Tivemos a oportunidade de entrevistar Joaquim de Lima Vieira – Mestre Vieira – na cidade
de Barcarena, em agosto de 2017. Na ocasião pudemos constatar alguns fatos já mencionados em
outros escritos e pertencentes ao imaginário local a respeito da origem da lambada – como o
alcance das rádios caribenhas e dos moldes do choro no Pará –, porém, por meio de sua
oralidade, Vieira nos permitiu compreender de forma mais ampla seus trajetos e percursos, bem
como a convergência de fenômenos globais e locais que tornaram possível o advento da
lambada/guitarrada.
Mestre Vieira relata que a mudança de nomenclatura de lambada para guitarrada foi uma
questão de estratégia mercadológica:

Aí eu comecei a fazer aquelas músicas igual mambo, mambo na guitarra, aí eu fui


tocando, criei a lambada. Agora tá como gui... como gui... como guitarrada agora,
porque caiu, a Continental abriu falência, então a influência foi caindo muito. Aí
eu fiz guitarrada, que tá hoje em dia, graças a Deus, tá rolando aí (VIEIRA, 2017).
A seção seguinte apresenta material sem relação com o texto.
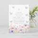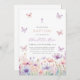 Um bonito design floral para a sua borboleta chamado convite Baptism. Perfeito para o dia especial da sua menina com detalhes cor-de-rosa pastel e roxo.

Vislumbramos que a época em que Vieira se baseia para demarcar o advento de sua
criação antecede ao ano de gravação de seu primeiro LP, 1976. Já quando se refere à falência da
gravadora Continental, faz referência à crise no mercado fonográfico no Brasil. Nesta direção,
segundo Lannes (2009), em 1987, criado por um grupo alemão, surge o formato áudio mp2, cujo
objetivo era o desenvolvimento das transmissões dos arquivos de áudio para as rádios e
televisões.
Na entrevista não foi possível localizar o período exato em que acontece essa mudança de
nomenclatura, todavia, ao recorrer à memória de Vieira:

Recorremos a testemunhos para reforçar ou enfraquecer e também para


completar o que sabemos de um evento sobre o qual já temos alguma
informação, embora muitas circunstâncias a ele relativas permaneçam obscuras
para nós. O primeiro testemunho a que podemos recorrer será sempre o
nosso (HALBWACHS, 2006: 29).

Ao rememorar, Vieira nos faz refletir a respeito da construção da identidade e da cultura


local, no sentido em que alguns desdobramentos relativos à sua trajetória estão intimamente
relacionados ao movimento das guitarradas:

A memória, ao mesmo tempo em que nos modela, é também por nós modelada.
Isso resume perfeitamente a dialética da memória e da identidade que se
conjugam, se nutrem mutuamente, se apoiam uma na outra para produzir uma
trajetória de vida, uma história, um mito, uma narrativa (CANDAU, 2011: 16).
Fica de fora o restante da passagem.